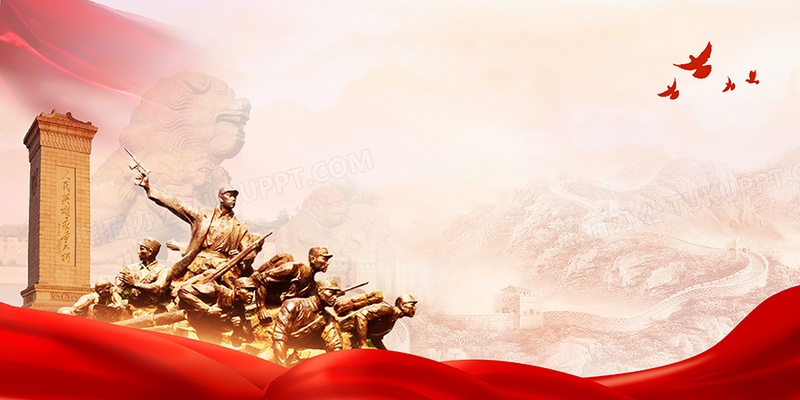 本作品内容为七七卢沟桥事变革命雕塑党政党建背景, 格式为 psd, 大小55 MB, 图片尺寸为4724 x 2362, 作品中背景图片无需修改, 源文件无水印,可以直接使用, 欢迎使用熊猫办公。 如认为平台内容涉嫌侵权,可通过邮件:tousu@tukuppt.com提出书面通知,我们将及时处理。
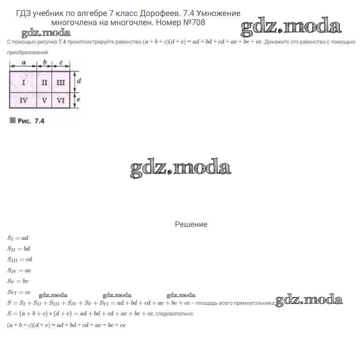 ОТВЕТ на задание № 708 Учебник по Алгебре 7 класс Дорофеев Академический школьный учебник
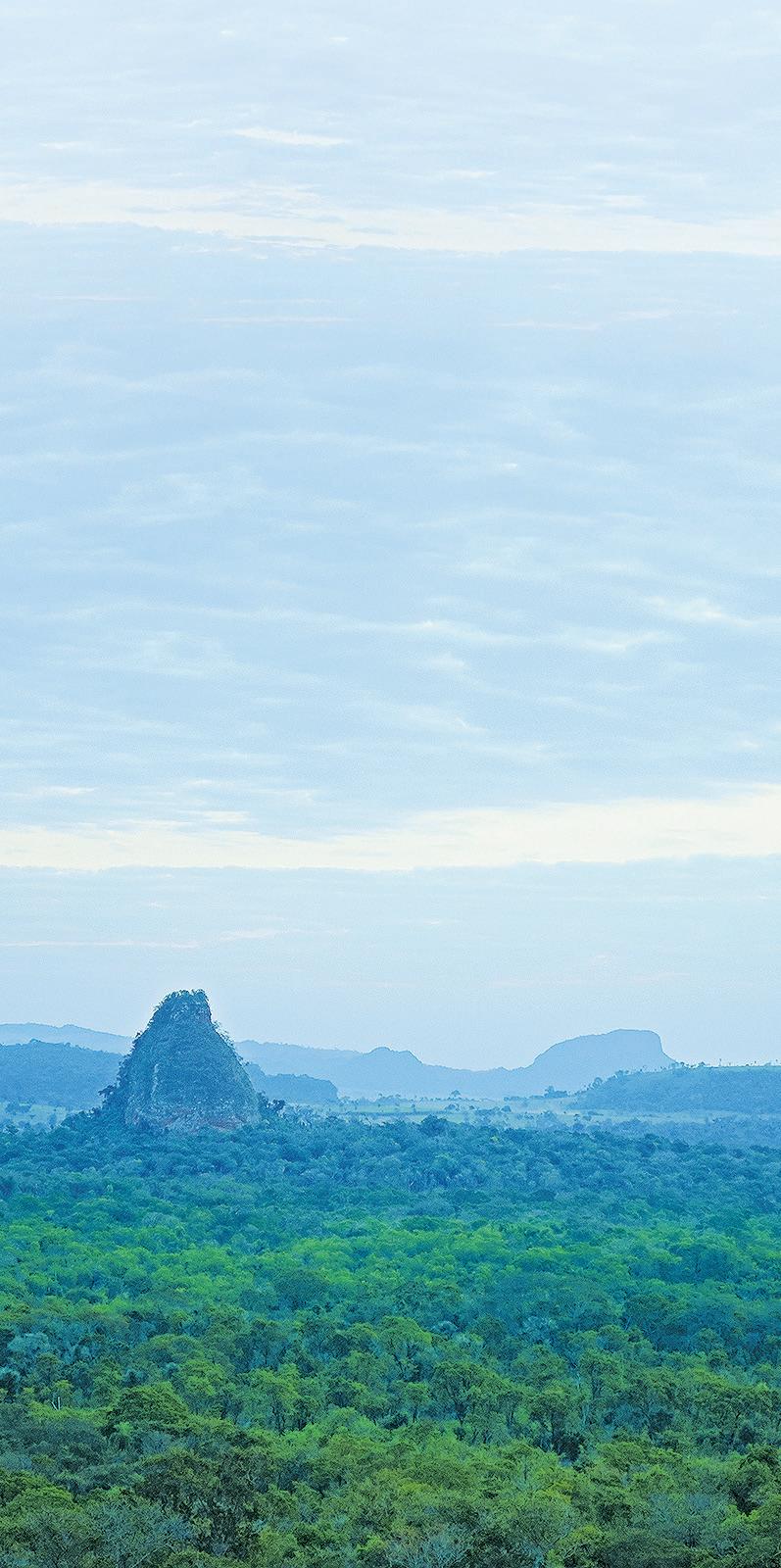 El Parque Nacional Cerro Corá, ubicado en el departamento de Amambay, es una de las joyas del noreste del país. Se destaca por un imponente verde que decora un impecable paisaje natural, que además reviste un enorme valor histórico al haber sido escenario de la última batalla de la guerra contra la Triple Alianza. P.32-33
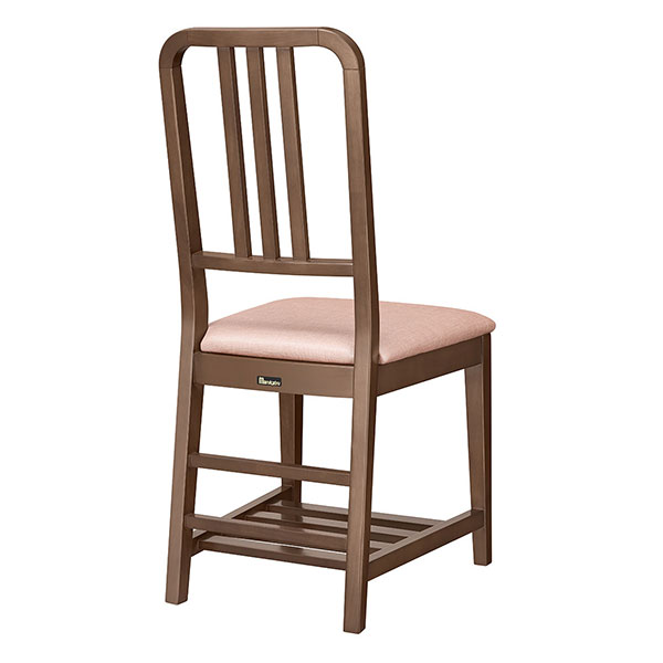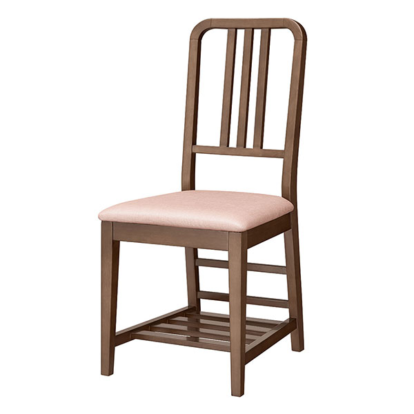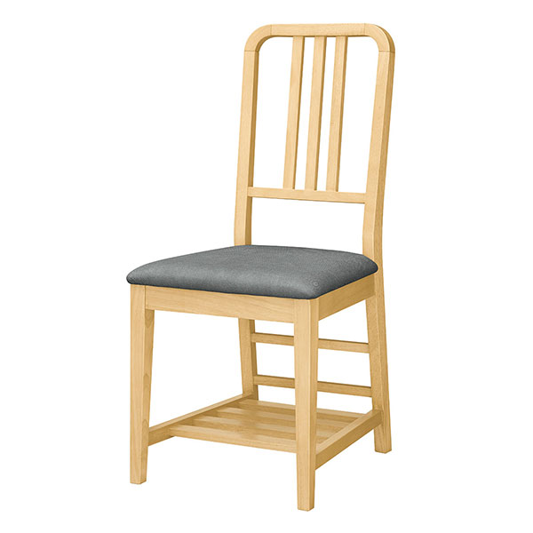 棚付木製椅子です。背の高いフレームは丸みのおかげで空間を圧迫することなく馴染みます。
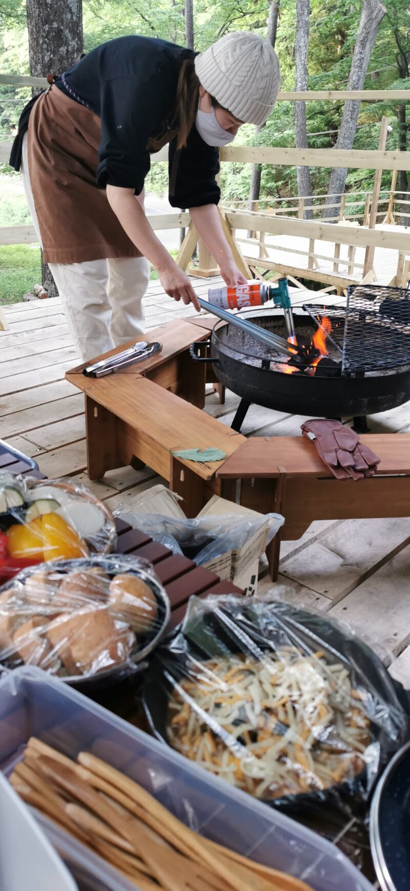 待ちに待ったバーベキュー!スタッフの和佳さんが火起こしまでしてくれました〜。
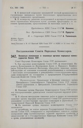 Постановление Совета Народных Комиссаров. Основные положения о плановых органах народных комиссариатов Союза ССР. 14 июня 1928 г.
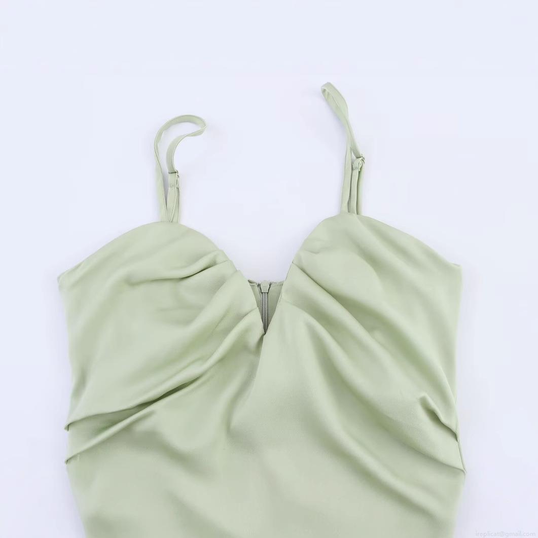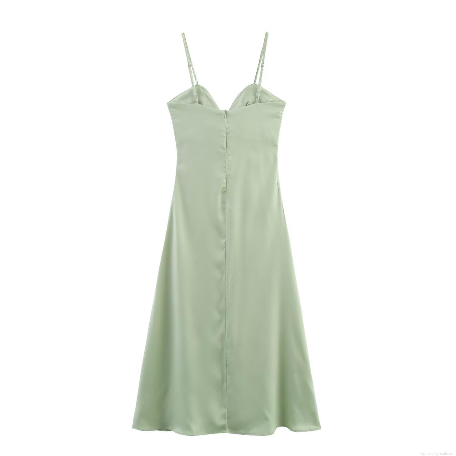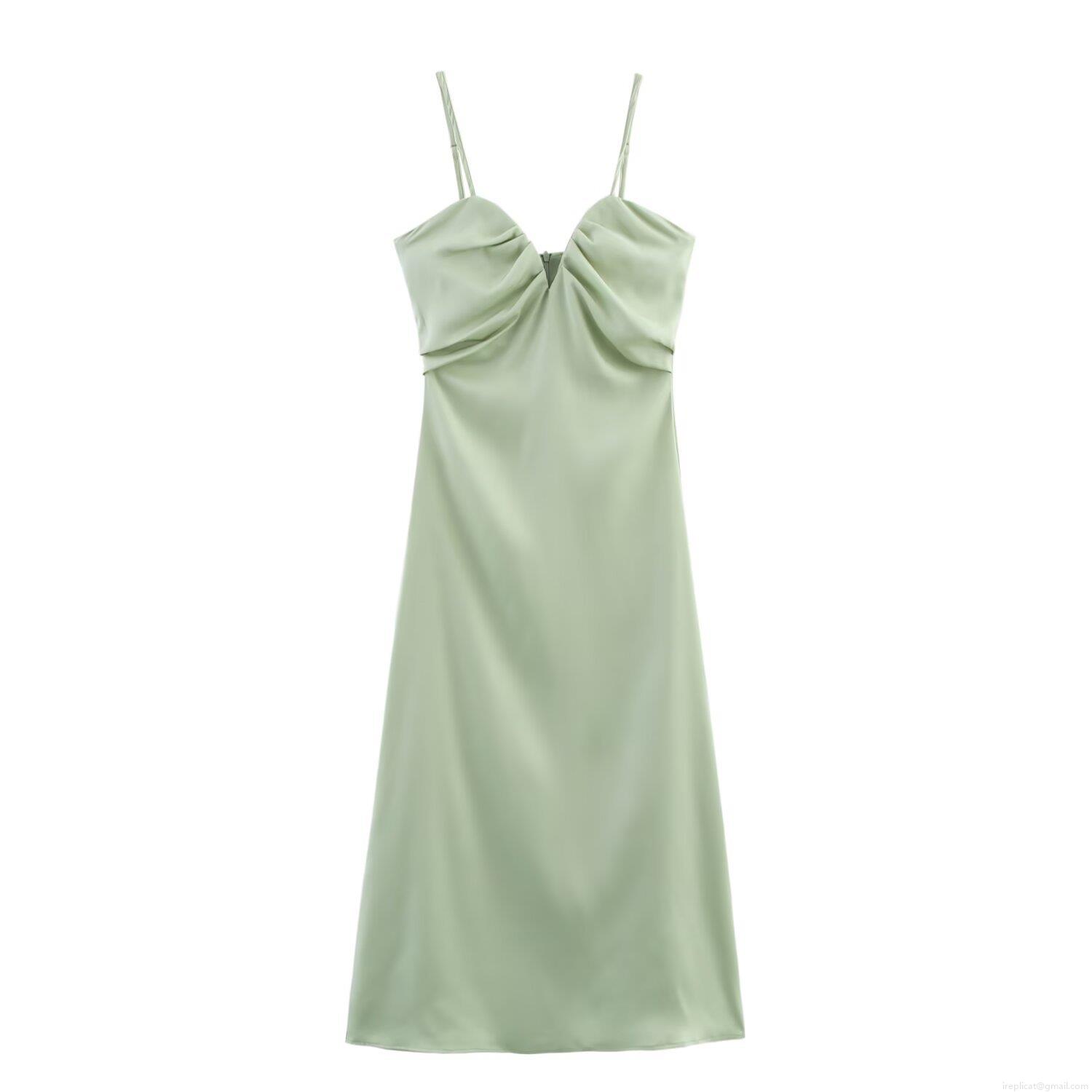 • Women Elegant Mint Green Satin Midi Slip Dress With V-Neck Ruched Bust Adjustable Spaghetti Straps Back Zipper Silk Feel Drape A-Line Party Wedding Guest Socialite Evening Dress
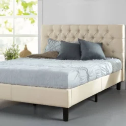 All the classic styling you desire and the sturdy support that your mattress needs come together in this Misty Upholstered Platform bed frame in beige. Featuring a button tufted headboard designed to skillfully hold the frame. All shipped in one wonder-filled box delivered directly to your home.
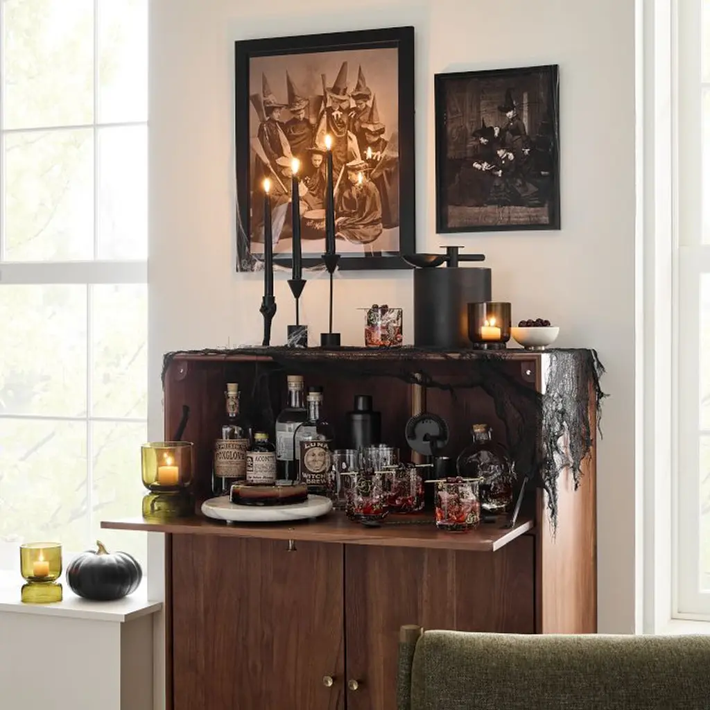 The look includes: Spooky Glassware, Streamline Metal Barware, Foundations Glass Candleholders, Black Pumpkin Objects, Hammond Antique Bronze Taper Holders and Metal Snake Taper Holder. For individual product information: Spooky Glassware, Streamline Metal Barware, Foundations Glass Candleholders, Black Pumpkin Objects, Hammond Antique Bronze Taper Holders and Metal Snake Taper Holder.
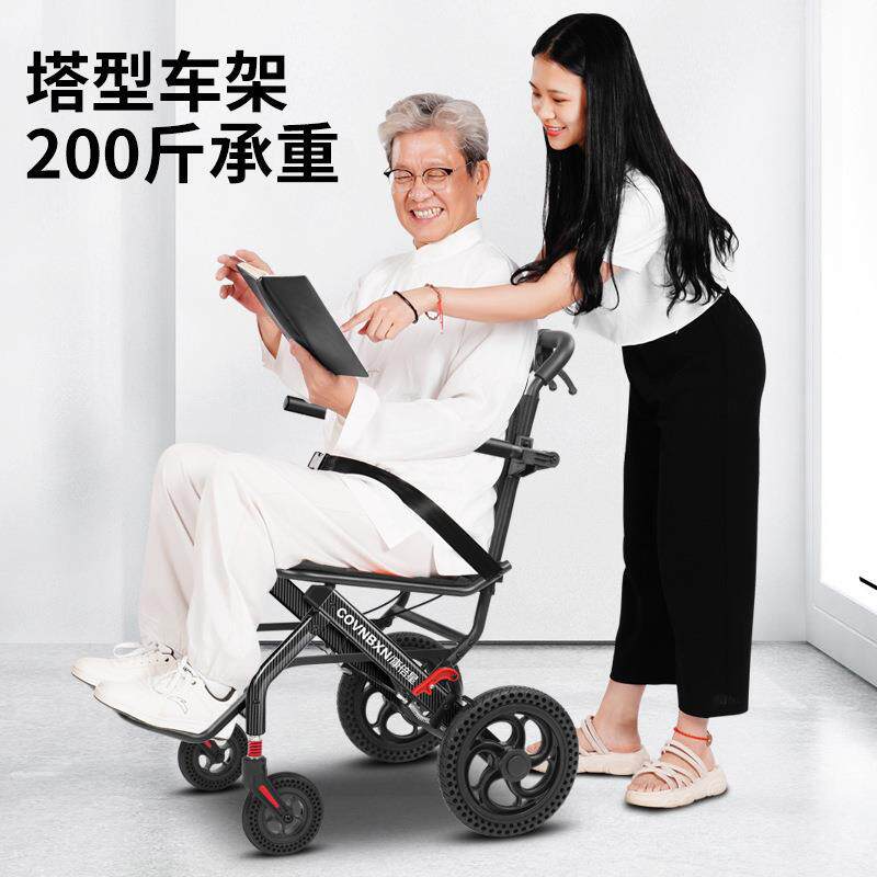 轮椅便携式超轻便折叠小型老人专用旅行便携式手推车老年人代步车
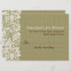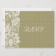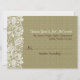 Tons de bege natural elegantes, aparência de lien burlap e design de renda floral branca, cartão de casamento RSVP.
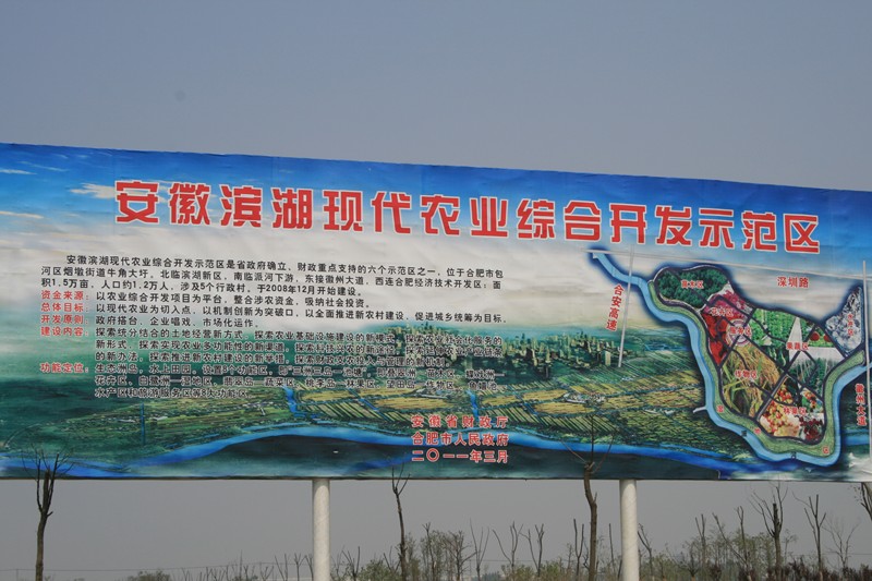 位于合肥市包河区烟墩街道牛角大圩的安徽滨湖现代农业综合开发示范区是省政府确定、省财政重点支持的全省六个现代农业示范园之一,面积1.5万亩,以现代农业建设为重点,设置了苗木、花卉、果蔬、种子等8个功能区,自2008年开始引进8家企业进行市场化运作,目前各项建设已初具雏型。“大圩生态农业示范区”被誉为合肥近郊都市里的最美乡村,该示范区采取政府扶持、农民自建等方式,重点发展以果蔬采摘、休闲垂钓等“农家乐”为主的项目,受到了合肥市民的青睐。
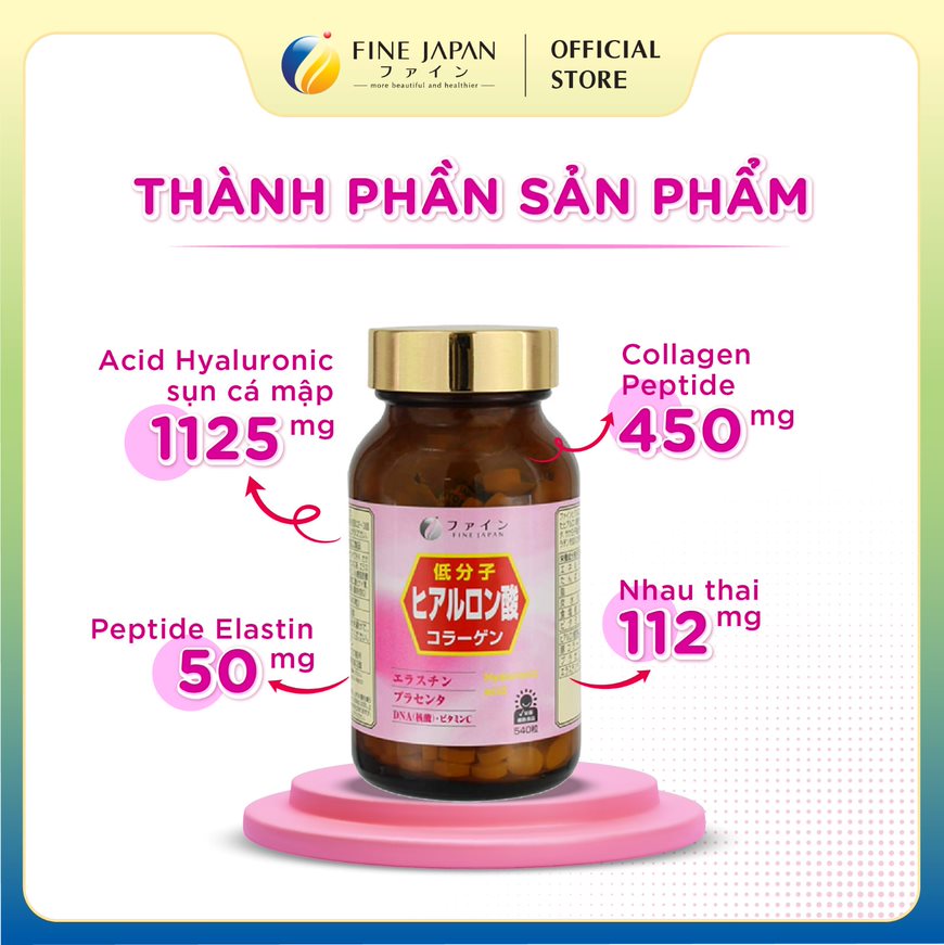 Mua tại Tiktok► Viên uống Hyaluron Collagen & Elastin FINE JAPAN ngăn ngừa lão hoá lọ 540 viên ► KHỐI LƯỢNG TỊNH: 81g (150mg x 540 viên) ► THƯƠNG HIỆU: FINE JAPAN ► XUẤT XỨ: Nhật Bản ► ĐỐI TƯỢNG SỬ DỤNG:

• _Problem description_:
Take the line that contains "Tons de bege" and every line after it to the end of the records above; quote them exactly, leaving out the pictures.

• _Solution to this problem_:
 Tons de bege natural elegantes, aparência de lien burlap e design de renda floral branca, cartão de casamento RSVP.
 位于合肥市包河区烟墩街道牛角大圩的安徽滨湖现代农业综合开发示范区是省政府确定、省财政重点支持的全省六个现代农业示范园之一,面积1.5万亩,以现代农业建设为重点,设置了苗木、花卉、果蔬、种子等8个功能区,自2008年开始引进8家企业进行市场化运作,目前各项建设已初具雏型。“大圩生态农业示范区”被誉为合肥近郊都市里的最美乡村,该示范区采取政府扶持、农民自建等方式,重点发展以果蔬采摘、休闲垂钓等“农家乐”为主的项目,受到了合肥市民的青睐。
 Mua tại Tiktok► Viên uống Hyaluron Collagen & Elastin FINE JAPAN ngăn ngừa lão hoá lọ 540 viên ► KHỐI LƯỢNG TỊNH: 81g (150mg x 540 viên) ► THƯƠNG HIỆU: FINE JAPAN ► XUẤT XỨ: Nhật Bản ► ĐỐI TƯỢNG SỬ DỤNG:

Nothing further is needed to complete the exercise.